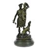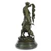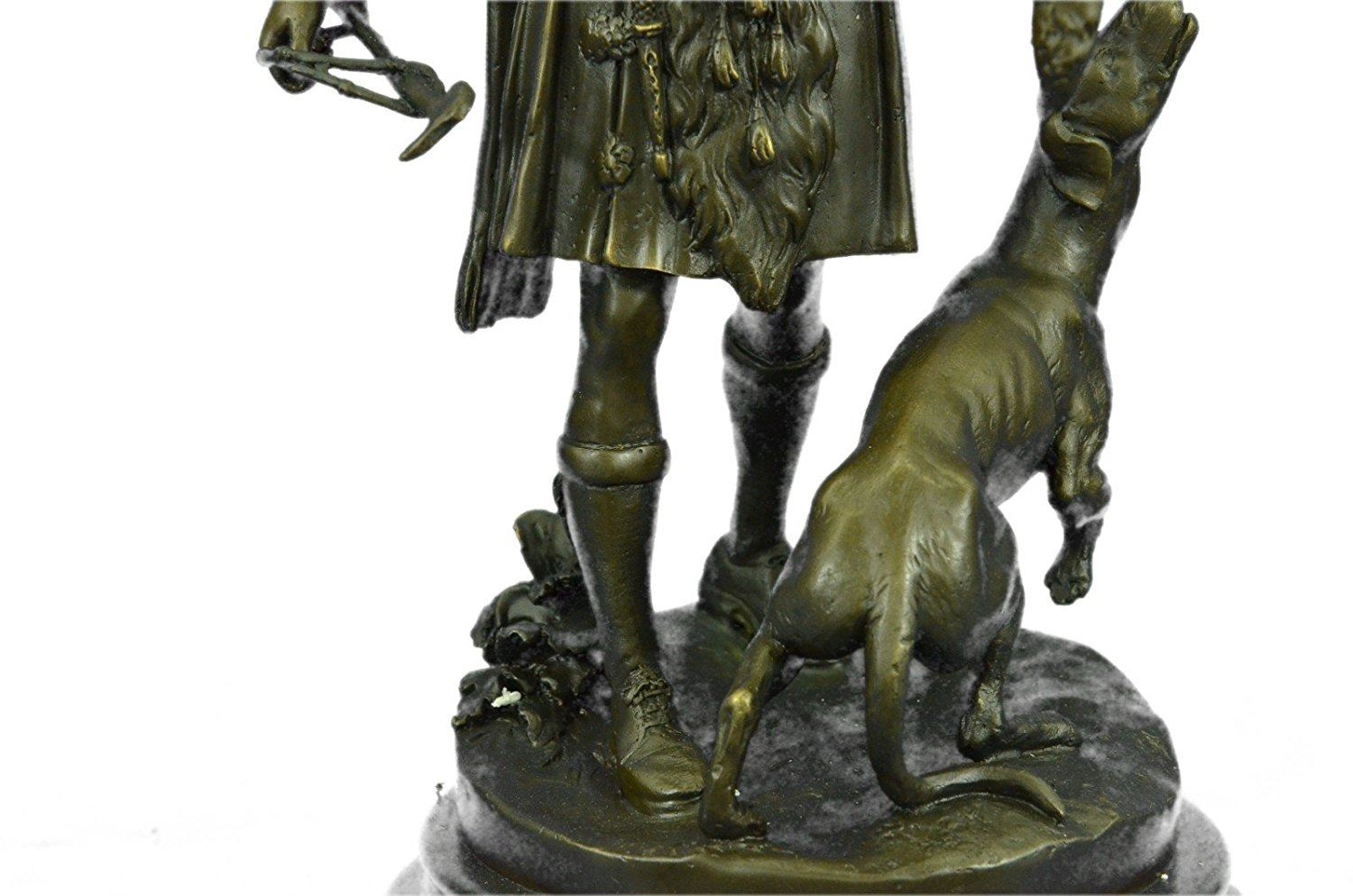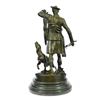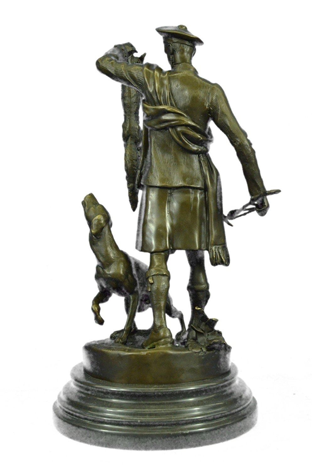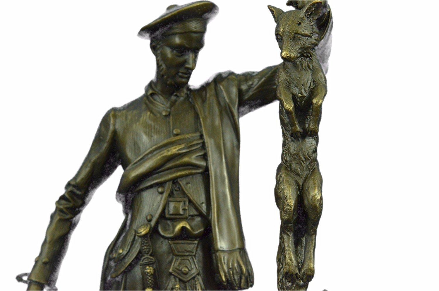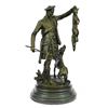 For centuries the thrill of the fox hunt was the ultimate European gentleman's pastime. Scottish Hunter With Fox Sculpture by Pierre Jules Mene captures the victorious final moments of the hunt when the sly fox if finally captured and the came comes to a close. Whether you're of European descent or just enjoy the thrill of the hunt, this tabletop sculpture will bring you back to earlier times.Our bronze statues are extremely popular and proudly displayed in gardens, parks, homes, schools, cities, and fine galleries.The handmade bronze sculpture was cast using the early method of lostwax casting and stained with a brown patina finish for conservation. It is mounted upon a black marble base. Bronze Dimensions with Marble Base: Height 15 X Width 8 inches. Weight: 20 LBS. Inventory: 45EP79610554
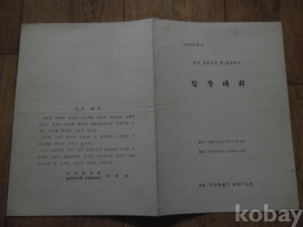 1968년 종로 동부지구 중.고교 합창대회(창덕여중.고 강당)
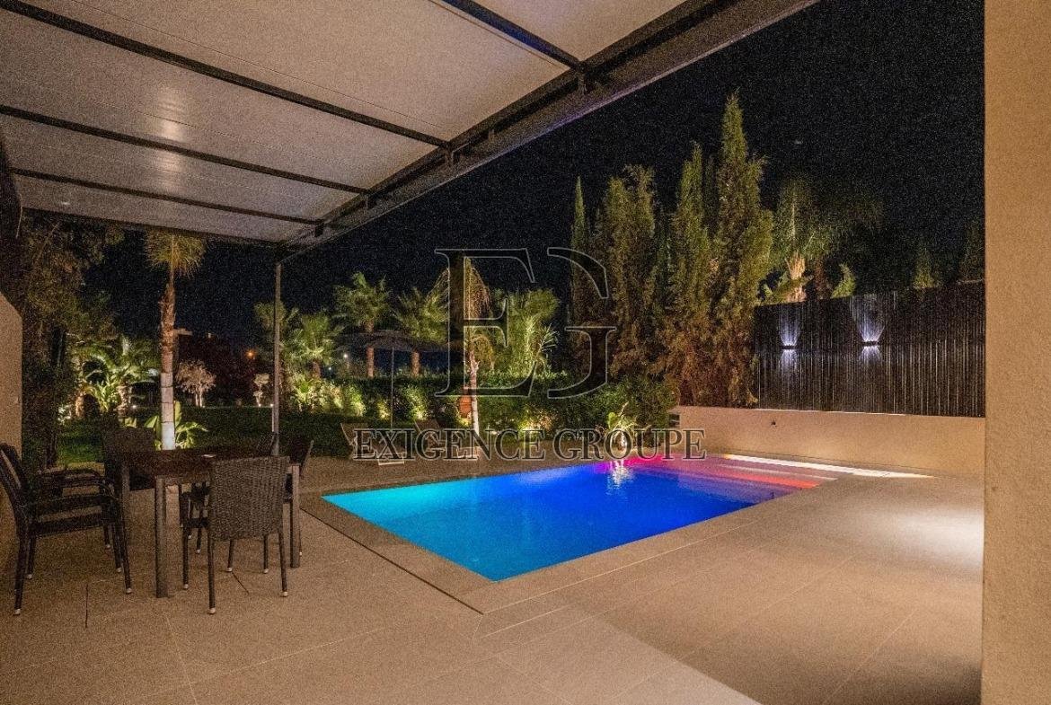 - Extérieur : jardin paysagé, piscine privée, espace détente
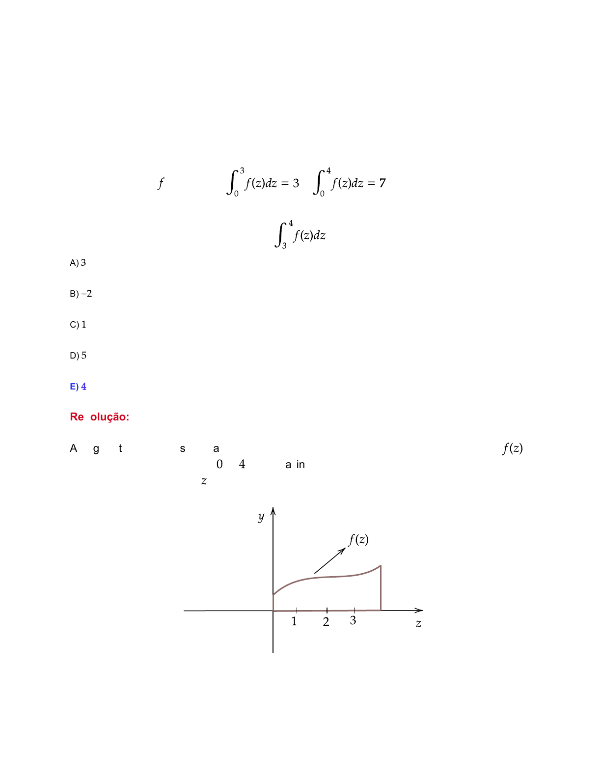 Tiago Lima - Instagram: @professor_disciplinas_exatas / WhatsAPP: (71) 9927-17449 Visite meu perfil e/ou meu grupo no site Passei Direto, confira mais questões ou deixe alguma no grupo para ser resolvida: Perfil - https://www.passeidireto.com/perfil/tiago-pimenta/ Grupo - https://www.passeidireto.com/grupos/109427150/publicacoes 4) Considere que é contínua, e e, posteriormente, calcule:f f z dz = 3 3 0 ∫ ( ) f z dz = 7 4 0 ∫ ( ) f z dz 4 3 ∫ ( ) A) 3 B) -2 C) 1 D) 5 E) 4 Resolução: A seguir, temos um esquema que mostra como é o comportamento de uma função , f z( ) entre os pontos de abicissa e , como a integral gera valores positivos no intervalo, a 0 4 função está acima do eixo ; z 40 z y 1 2 3 Área f z( ) As integrais representam áreas abaixo da curva e acima do eixo , logo, a integral de a é z 0 4 a área abaixo da curva entre esses 2 ponto da função e o eixo , da mesma forma, a intgeral z antre e é a área abaixo da curva entre esses 2 pontos, dessa forma, temos que:0 3 Com isso, podemos concluir que o valor da integral entre a é a diferença entre as 2 3 4 integrais dadas, a que representa a área maior menos a que representa a área menor, ou seja; f z dz = f z dz - f z dz = 7 - 3 4 3 ∫ ( ) 4 0 ∫ ( ) 3 0 ∫ ( ) f z dz = 4 4 3 ∫ ( ) 40 z y 1 2 3 f z dz = 7 4 0 ∫ ( ) 40 z1 2 3 f z dz = 3 3 0 ∫ ( ) Área Área y (Resposta )
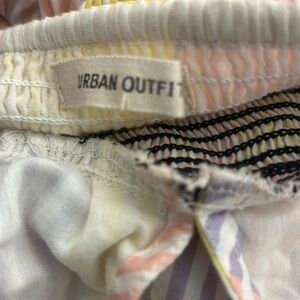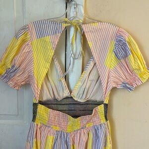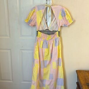 Urban Outfitters Womens Liliana Side Slit Midi Dress Puff Sleeve pastel patchwork striped
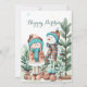 a birthday set in a magical Winter Wonderland, where childhood imagination meets seasonal charm. The design features a sweet snowman and a little girl dressed warmly in cosy hats and scarves, standing among evergreen trees, creating a scene that feels both playful and heartwarming. The watercolor style softens the image, evoking innocence and joy, while the gold and snowflake accents highlight the sparkle of winter’s magic. What makes it special is how it captures both the wonder of the season and the delight of a child’s milestone, turning a birthday into an enchanting moment filled with warmth, laughter, and love.
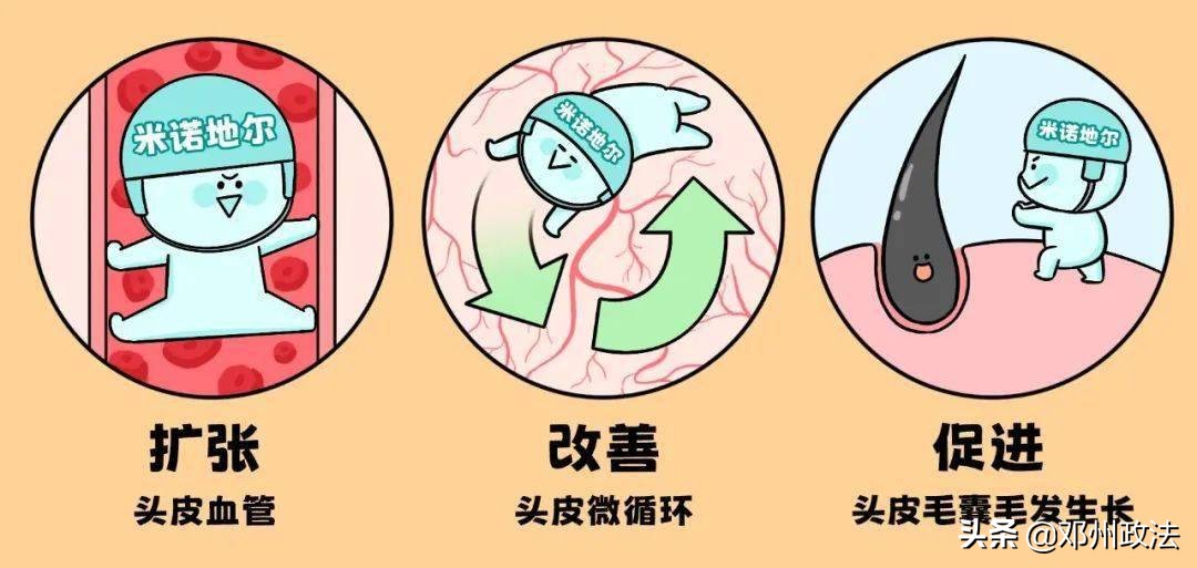 一般认为它通过刺激真皮毛乳头细胞表达血管内皮生长因子,扩张头皮血管、改善微循环等作用,来促进毛发生长[2] 。
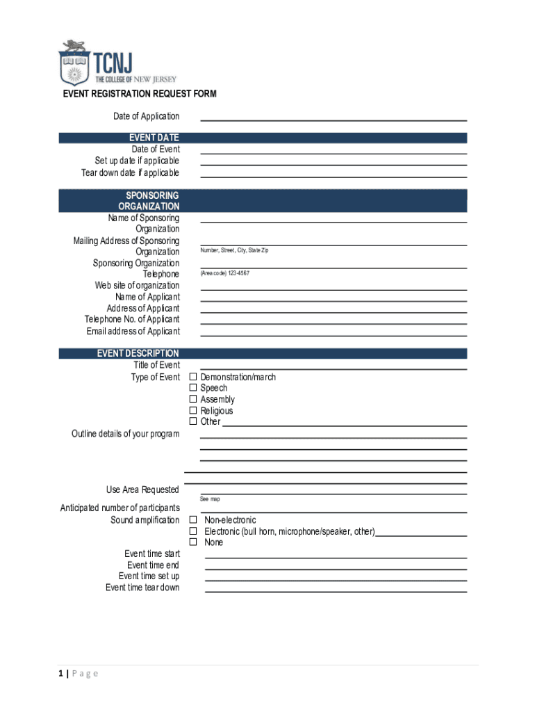 EVENT REGISTRATION REQUEST FORM Date of Application EVENT DATE of Event Set up date if applicable Tear down date if applicable SPONSORING ORGANIZATION Name of Sponsoring Organization Mailing Address
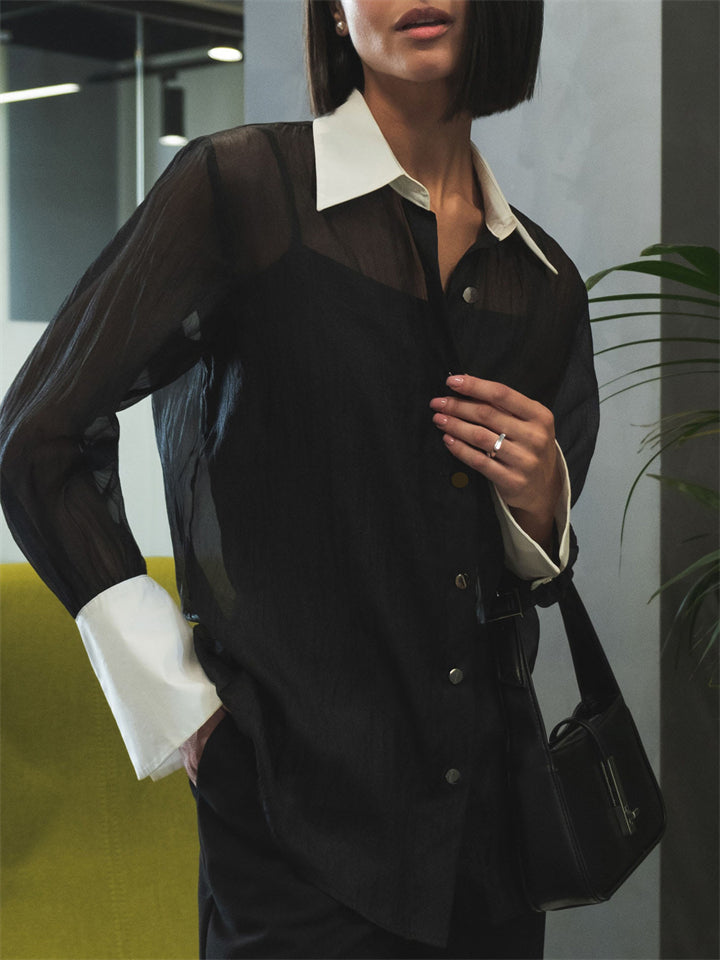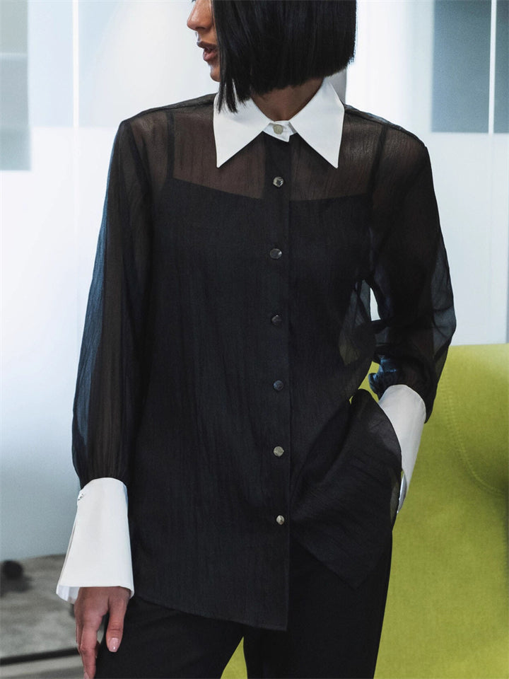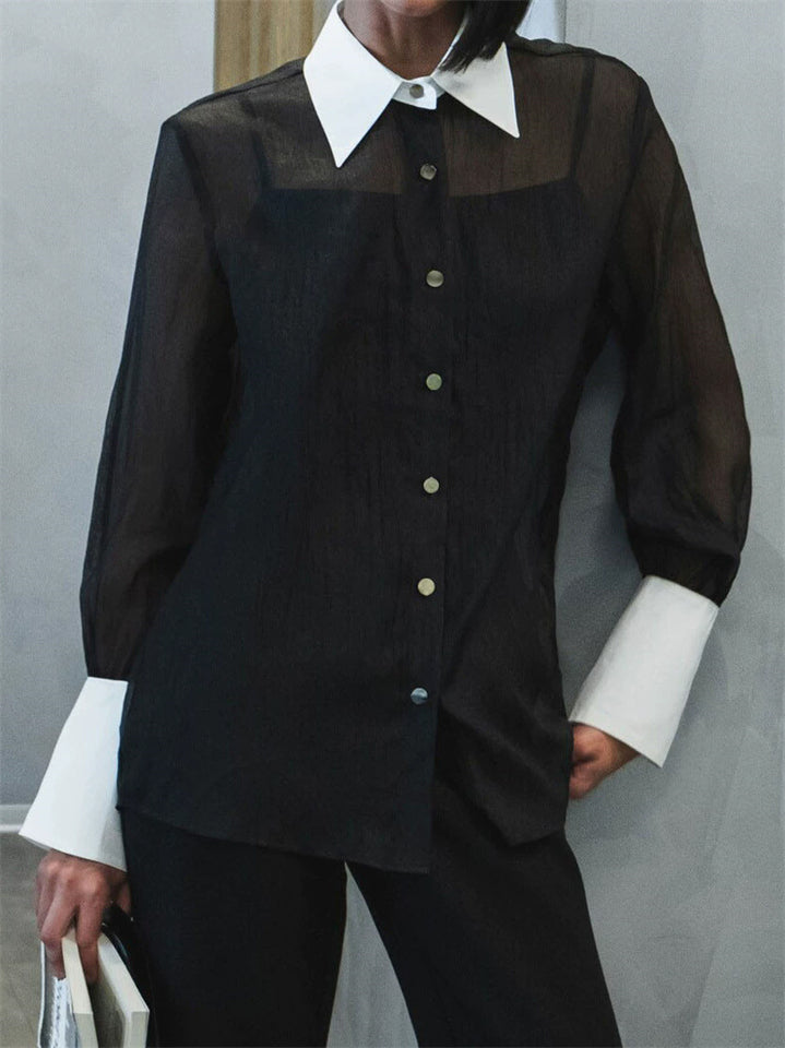 Women's Spring Chic Vintage Contrast Collar See-Through Blouses

..............................

→ ACTIVITY
The answer should consist only of the lines from the one with "一般认为它通过刺激真皮毛乳头" through the last line of the material above, copied exactly, with no pictures.

→ EXERCISE OUTPUT
 一般认为它通过刺激真皮毛乳头细胞表达血管内皮生长因子,扩张头皮血管、改善微循环等作用,来促进毛发生长[2] 。
 EVENT REGISTRATION REQUEST FORM Date of Application EVENT DATE of Event Set up date if applicable Tear down date if applicable SPONSORING ORGANIZATION Name of Sponsoring Organization Mailing Address
 Women's Spring Chic Vintage Contrast Collar See-Through Blouses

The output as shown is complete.